- Action item
Your task is to print, exactly and only, the lines from the start of the entries below through the line with "Lofaris Retro Ziegel". Include both ends, but skip the pictures.

[Stored dataset items]
........
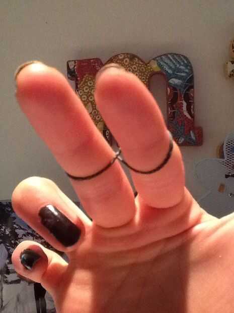 Empezar por conseguir una banda elástica y gire una vez. Ponga en el dedo índice y el dedo corazón.
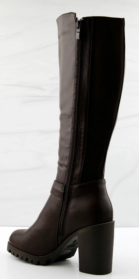 Top Moda Jenn 1 Womens Double Buckle Accent Platform Chunky Heel Knee High Boots
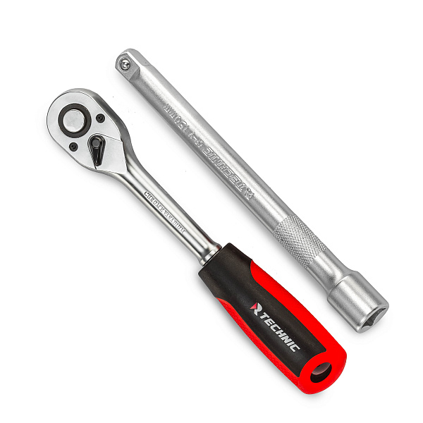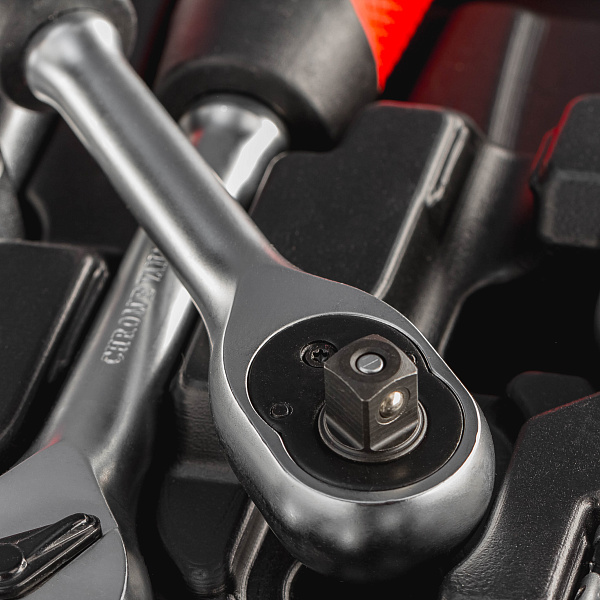 Трещотки оснащены надежным 45-зубцовым механизмом с храповым колесом из хромомолибденовой стали CrMo и двухкомпонентной маслобензостойкой ручкой.
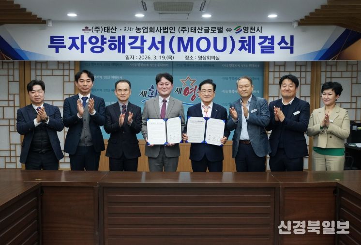 이날 시청 영상회의실에서 열린 협약식에는 최기문 영천시장과 허광옥 ㈜태산·㈜태산글로벌 대표이사 등 양사 관계자들이 참석해, 사업의 성공적 추진을 위한 협력 방안을 논의했다.
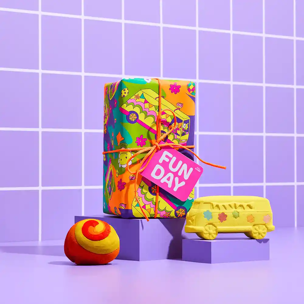 Fun Day es un regalo alegre e inspirado en road trips, con productos cítricos y burbujeantes para una experiencia divertida y animada.
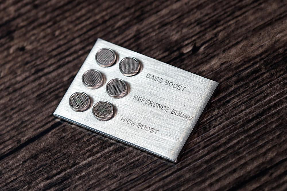 要说AKG3003最有趣的地方,其实还是它那个可以更换的滤波网。在K3003的包装里你能找到一个金属片,上面放了2对金属滤波网。分别是对应低频和高频的增强滤波网,而空着的那对“Reference”就是在K3003上默认使用的“参考级”均衡滤波网。每个滤波网上都有一个不同颜色的橡胶圈来区分,高音增强是白色的,参考级声音是灰色的,低音增强是黑色。
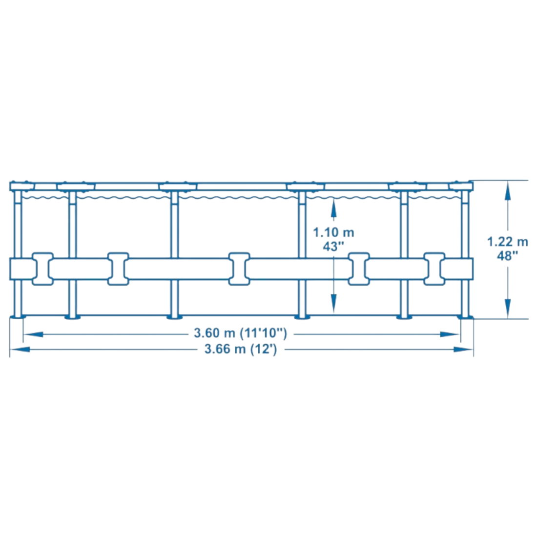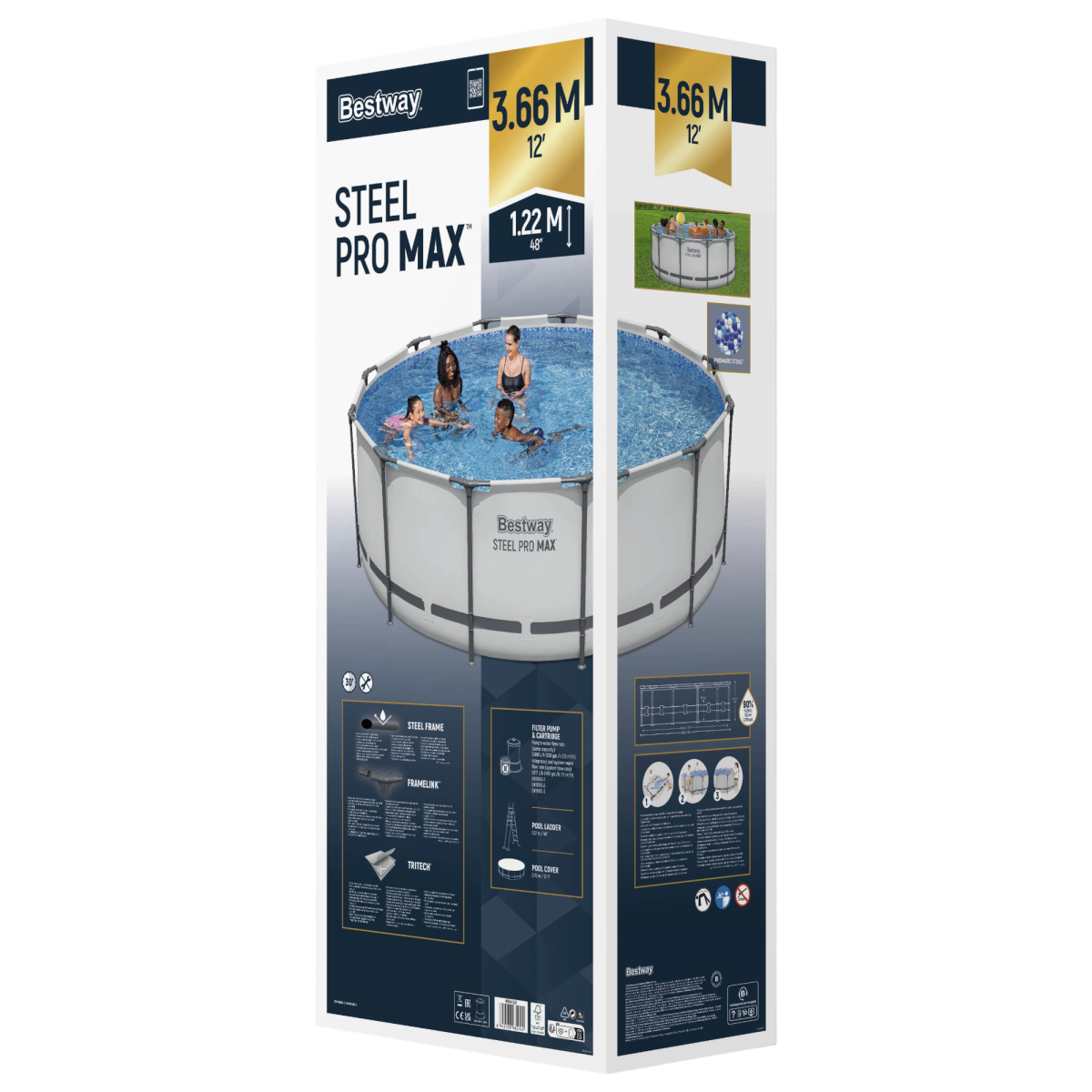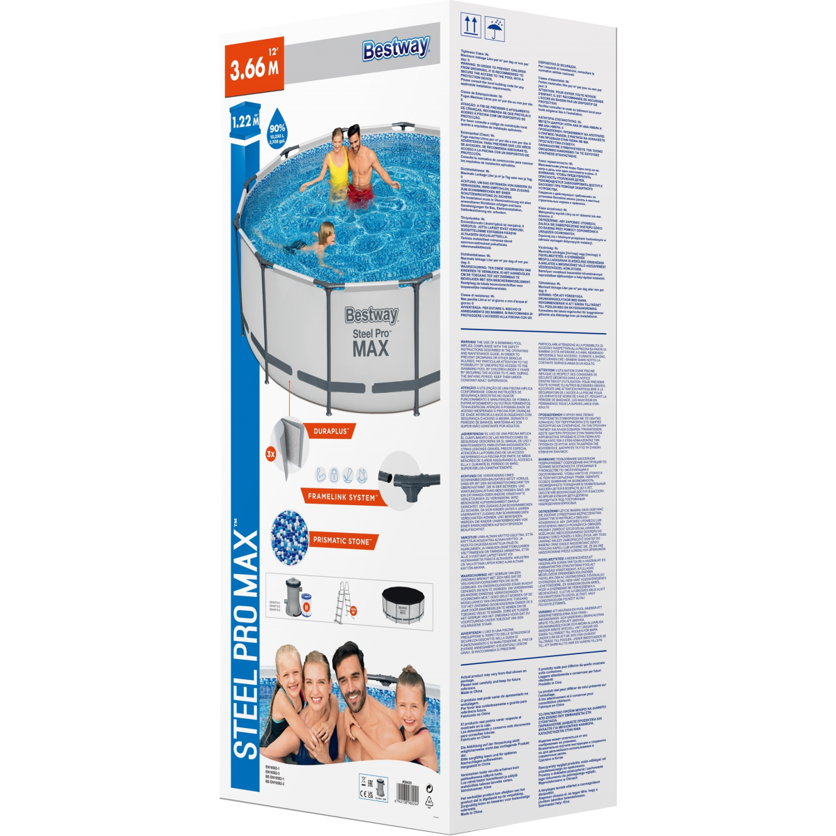 A Bestway Steel Pro Max Navagio medence tágas kialakítása és masszív szerkezete ideális választás a nyári kerti felfrissüléshez. A 366cm átmérőjű, kör alakú medence Tritech™ háromrétegű anyagból készült oldalfalai hosszabb élettartamot és nagyobb ellenállást biztosítanak – a poliészter hálóval megerősített PVC rétegek robusztus felépítést tesznek lehetővé.
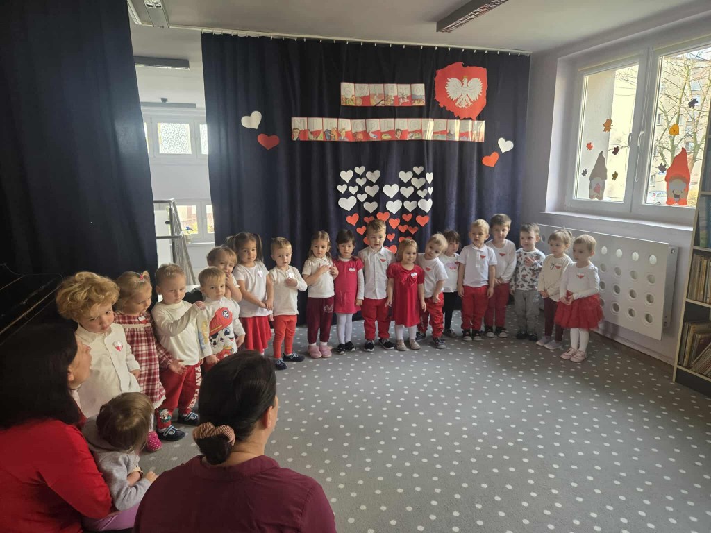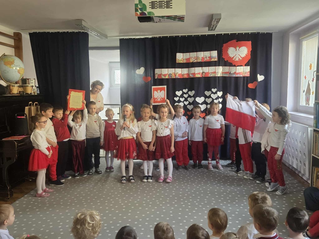 Dzieci z dumą zaprezentowały swoje umiejętności w galowych strojach, a sala przedszkolna została udekorowana barwami narodowymi.
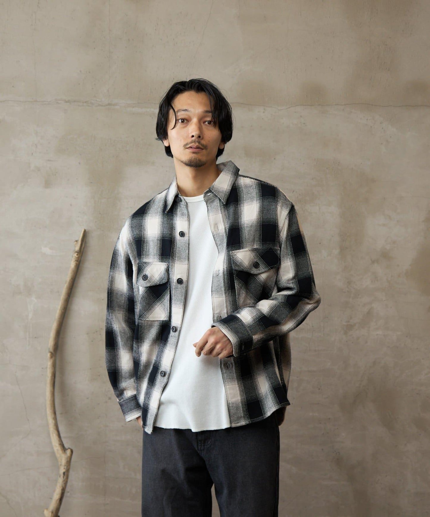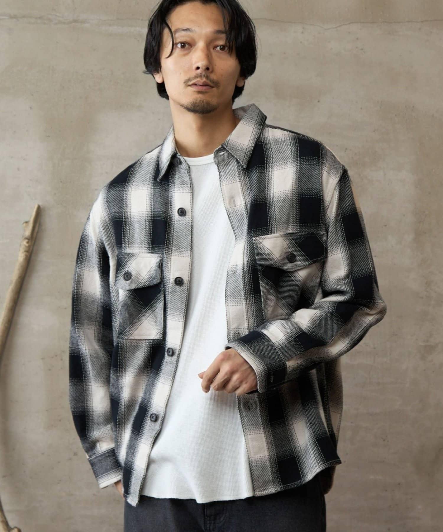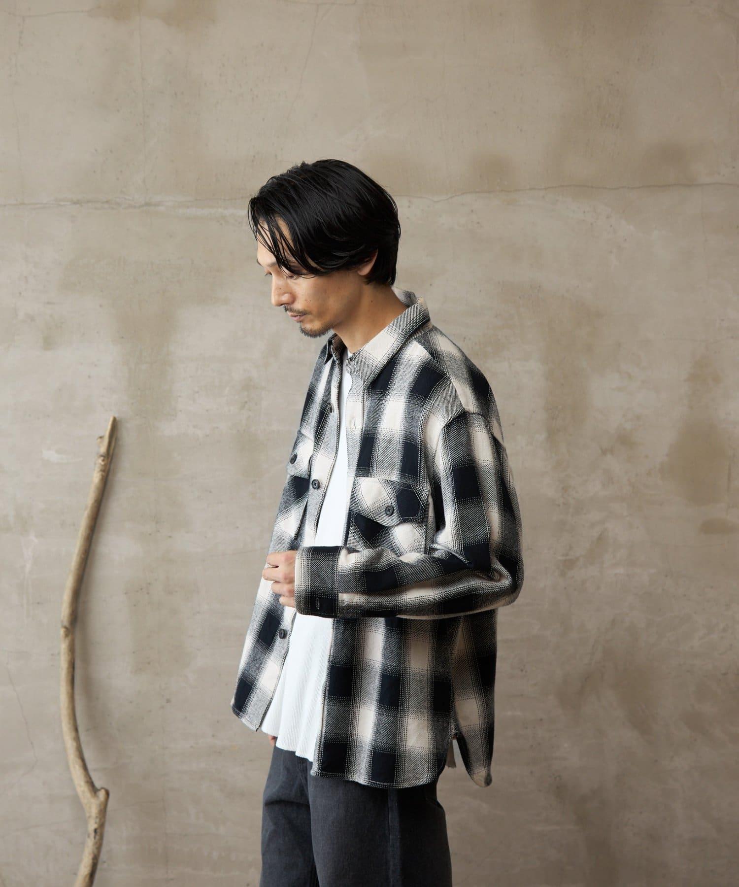【paradigm】先染起毛漸變格子法蘭絨襯衫
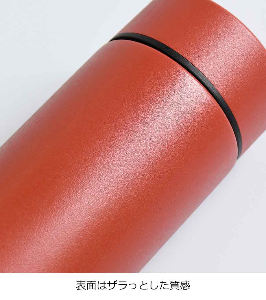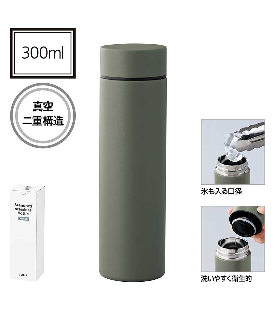 約300ml容量の普段使いに最適なステンレス製ボトル。保温・保冷効果が高い真空二重構造です。表面は手に馴染みやすいザラっとした質感。シンプルながらもおしゃれなデザインです。
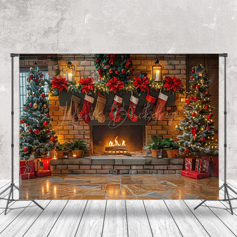 Lofaris Retro Ziegel Kamin Kerzenlicht Weihnachten Hintergrund
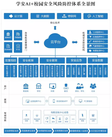 學(xué)安 —“AI+”校園安全風(fēng)險(xiǎn)防控體系應(yīng)用云計(jì)算、大數(shù)據(jù)、物聯(lián)網(wǎng)和人工智能等先進(jìn)技術(shù),以雙重預(yù)防機(jī)制為基礎(chǔ),以事前預(yù)防、事發(fā)預(yù)警、事中應(yīng)急和事后處理的安全閉環(huán)管理為設(shè)計(jì)理念,融人防、物防、技防于一體,通過校園安全云平臺(tái)和校端安全生態(tài)鏈產(chǎn)品建立起局校可視化聯(lián)動(dòng)、共享的校園安全風(fēng)險(xiǎn)防控生態(tài),鑄就“全域、全時(shí)、全程、全員”的360度安全防護(hù)體系,讓校園更陽光。
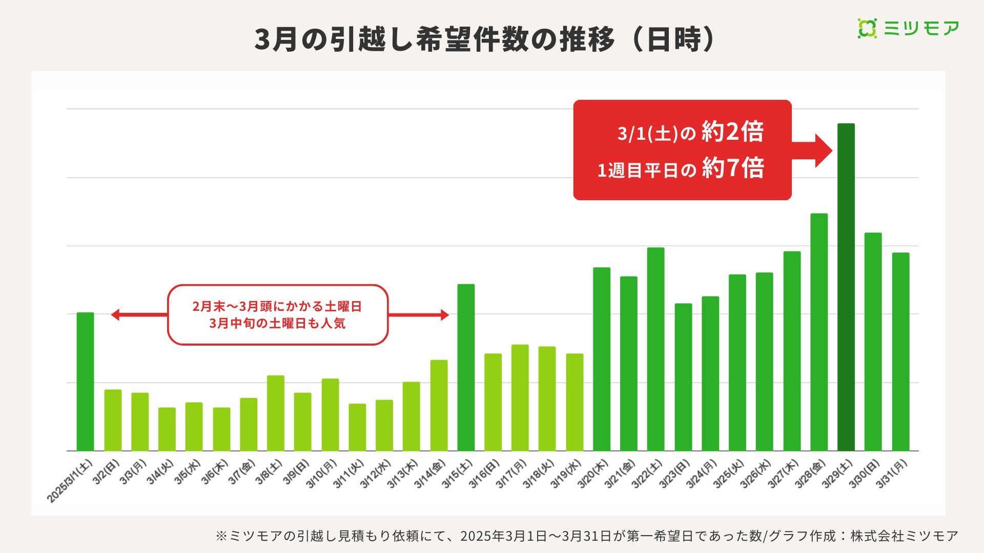 2025年3月1日〜31日の引越し希望件数を日ごとに見ると、最終土曜日である3月29日に最も多くの希望が集中していました。
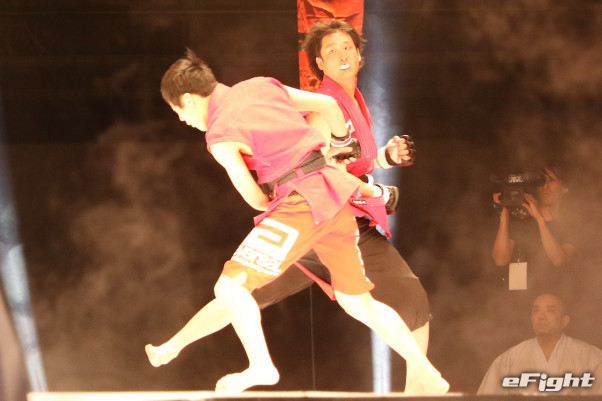 酔いを感じさせない軽いフットワークを見せる今野(左)
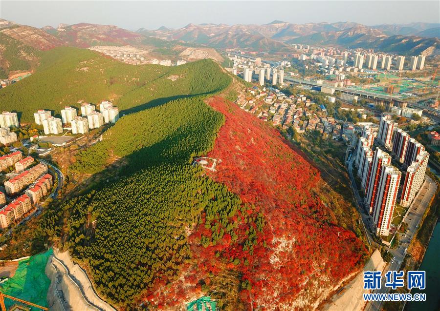 这是“一山双色”的山东济南楔子山(10月31日无人机拍摄)。 新华社记者朱峥摄
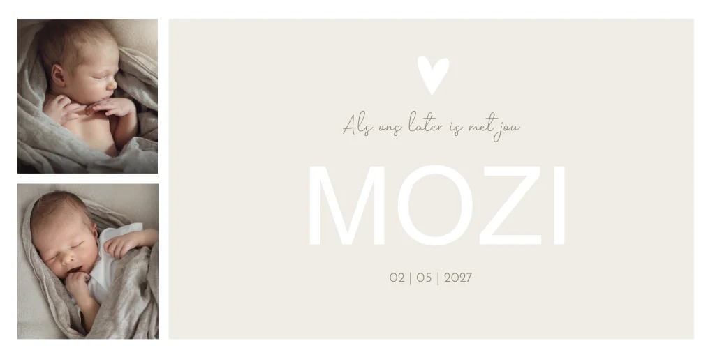 Chique neutraal geboortekaartje met 2 babyfoto's en een beige/ crème kleurvlak met witte letters. Kaart Mozi is prachtig in zijn eenvoud, maar wil je er iets aan veranderen? Je maakt het helemaal eigen in onze editor!
........
- Solution to this exercise
 Empezar por conseguir una banda elástica y gire una vez. Ponga en el dedo índice y el dedo corazón.
 Top Moda Jenn 1 Womens Double Buckle Accent Platform Chunky Heel Knee High Boots
 Трещотки оснащены надежным 45-зубцовым механизмом с храповым колесом из хромомолибденовой стали CrMo и двухкомпонентной маслобензостойкой ручкой.
 이날 시청 영상회의실에서 열린 협약식에는 최기문 영천시장과 허광옥 ㈜태산·㈜태산글로벌 대표이사 등 양사 관계자들이 참석해, 사업의 성공적 추진을 위한 협력 방안을 논의했다.
 Fun Day es un regalo alegre e inspirado en road trips, con productos cítricos y burbujeantes para una experiencia divertida y animada.
 要说AKG3003最有趣的地方,其实还是它那个可以更换的滤波网。在K3003的包装里你能找到一个金属片,上面放了2对金属滤波网。分别是对应低频和高频的增强滤波网,而空着的那对“Reference”就是在K3003上默认使用的“参考级”均衡滤波网。每个滤波网上都有一个不同颜色的橡胶圈来区分,高音增强是白色的,参考级声音是灰色的,低音增强是黑色。
 A Bestway Steel Pro Max Navagio medence tágas kialakítása és masszív szerkezete ideális választás a nyári kerti felfrissüléshez. A 366cm átmérőjű, kör alakú medence Tritech™ háromrétegű anyagból készült oldalfalai hosszabb élettartamot és nagyobb ellenállást biztosítanak – a poliészter hálóval megerősített PVC rétegek robusztus felépítést tesznek lehetővé.
 Dzieci z dumą zaprezentowały swoje umiejętności w galowych strojach, a sala przedszkolna została udekorowana barwami narodowymi.
【paradigm】先染起毛漸變格子法蘭絨襯衫
 約300ml容量の普段使いに最適なステンレス製ボトル。保温・保冷効果が高い真空二重構造です。表面は手に馴染みやすいザラっとした質感。シンプルながらもおしゃれなデザインです。
 Lofaris Retro Ziegel Kamin Kerzenlicht Weihnachten Hintergrund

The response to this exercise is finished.